→ **Exercise requirements**: With any pictures left out, restate word for word the lines in the listing below from the one holding "Бейдж школьника горизонтальный" through the last.

··· Information supplied ···

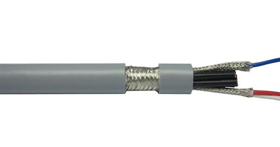 標準的2線對RS-485通訊電纜,特性阻抗120歐姆,導體為2線對4(2x2x24AWG)多股絞合鍍錫銅絲,PE絕緣護套;為適用于復雜的工業噪聲環境,特采用鋁箔/聚酯復合帶100%屏蔽率+鍍錫銅編制網90%屏蔽率共雙重屏蔽,并附有獨立TC接地導體,工業灰色PVC外護套,符合UL AWM 2919文件規范。
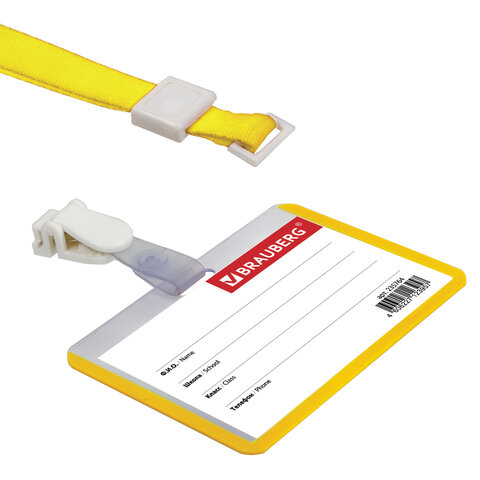 Бейдж школьника горизонтальный (55х90 мм), на ленте со съемным клипом, ЖЕЛТЫЙ, BRAUBERG, 235764
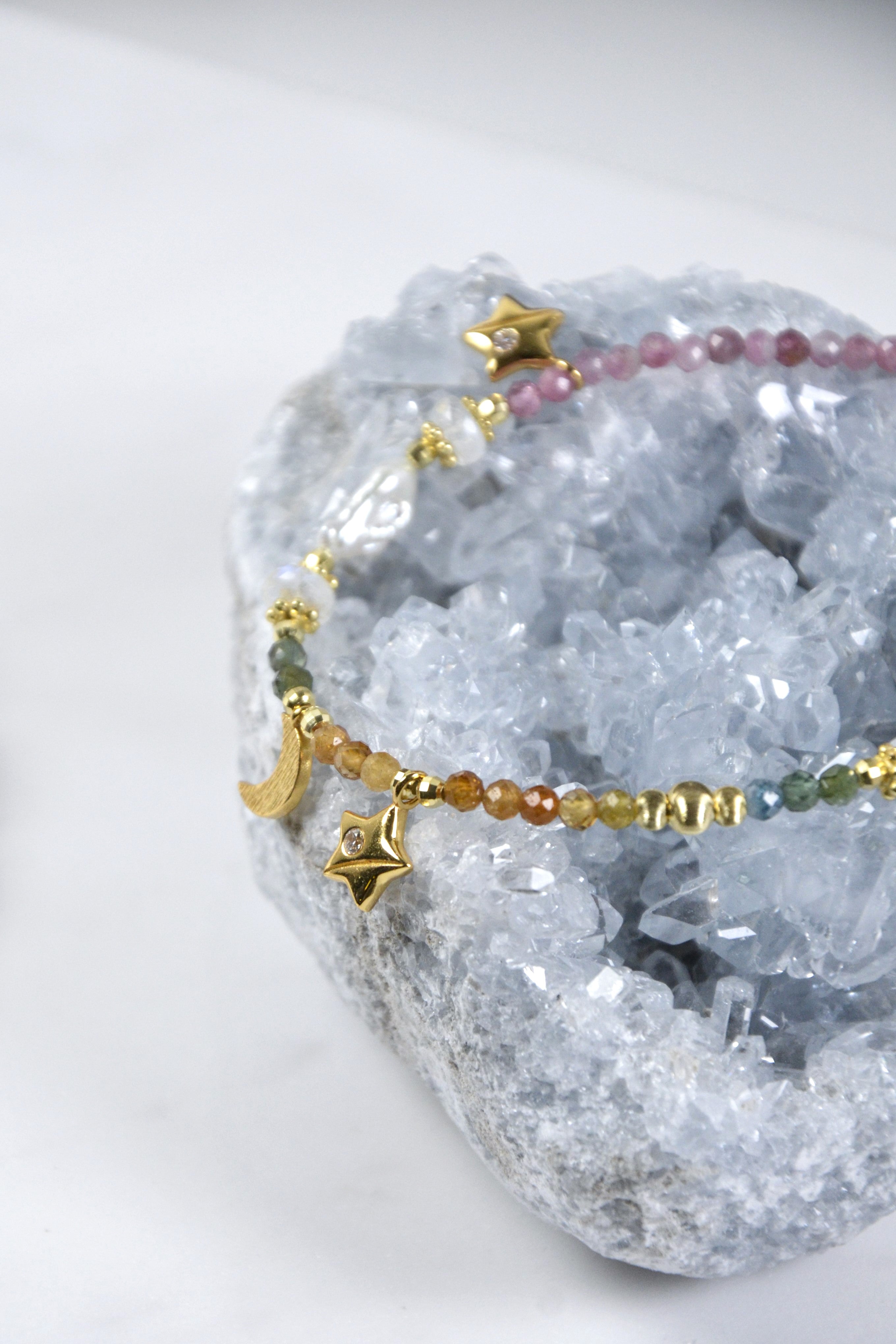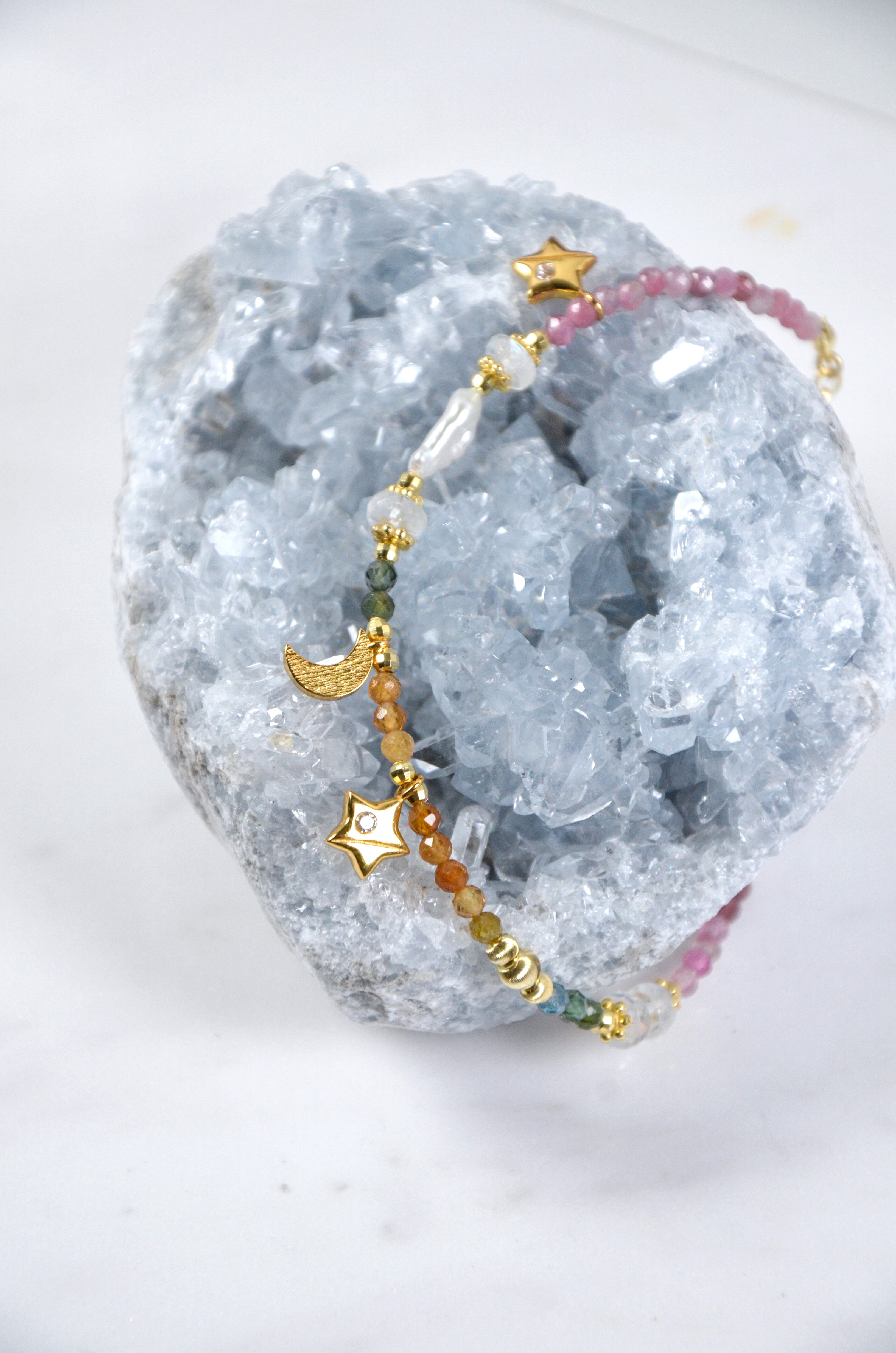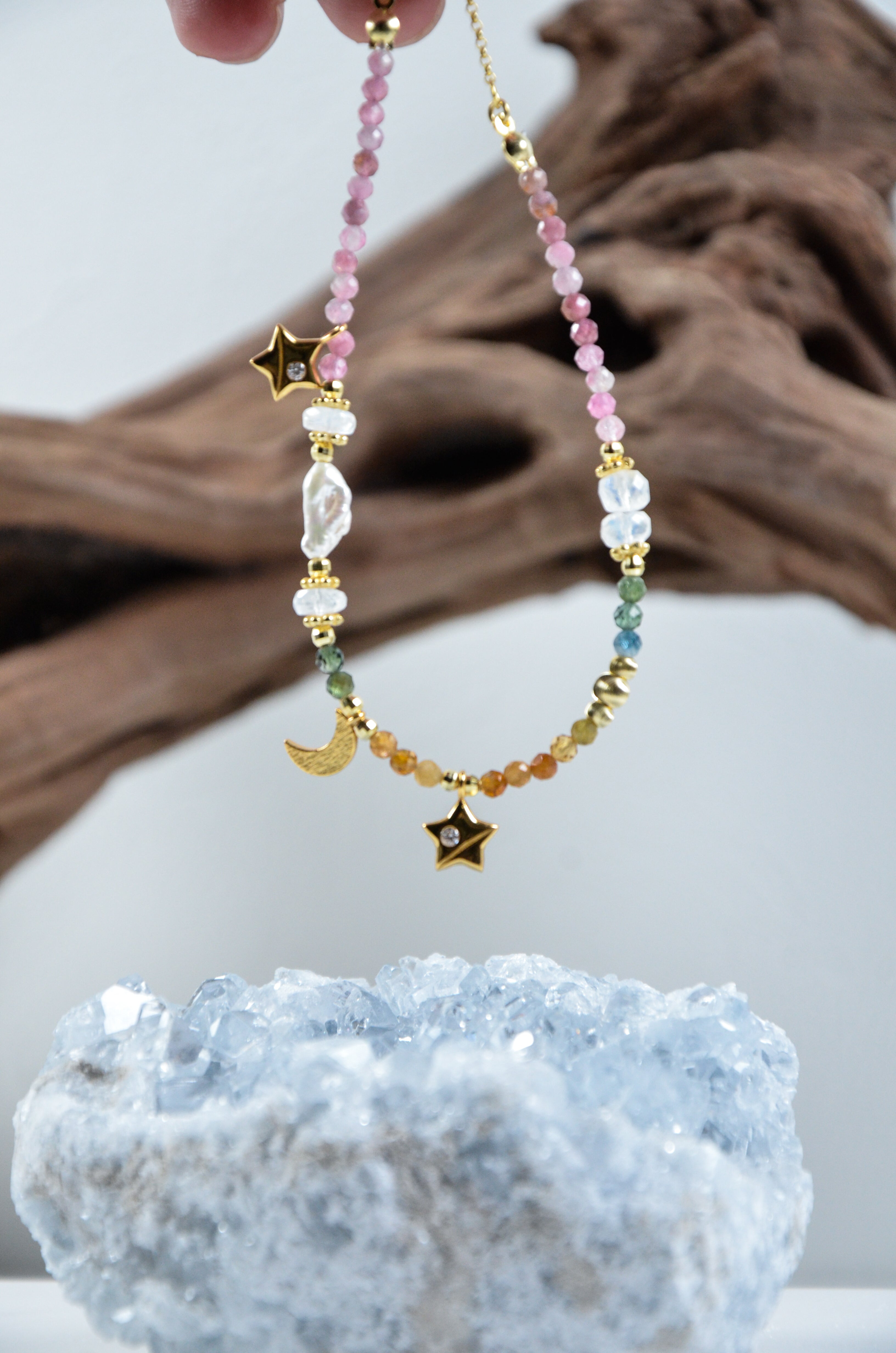 色とりどりの天然石を一つに集めた、夢のようなブレスレットです。優しいピンクのトルマリン、多彩なグリーン・イエロー系の碧玉、そして神秘的なムーンストーンが織りなすグラデーションに、月と星のチャームを添えて夜空のファンタジーを表現。「宇宙と自分をつなぐ色」をテーマに、直感と癒しを感じさせる一本に仕上げました。

···

→ **Written answer**:
 Бейдж школьника горизонтальный (55х90 мм), на ленте со съемным клипом, ЖЕЛТЫЙ, BRAUBERG, 235764
 色とりどりの天然石を一つに集めた、夢のようなブレスレットです。優しいピンクのトルマリン、多彩なグリーン・イエロー系の碧玉、そして神秘的なムーンストーンが織りなすグラデーションに、月と星のチャームを添えて夜空のファンタジーを表現。「宇宙と自分をつなぐ色」をテーマに、直感と癒しを感じさせる一本に仕上げました。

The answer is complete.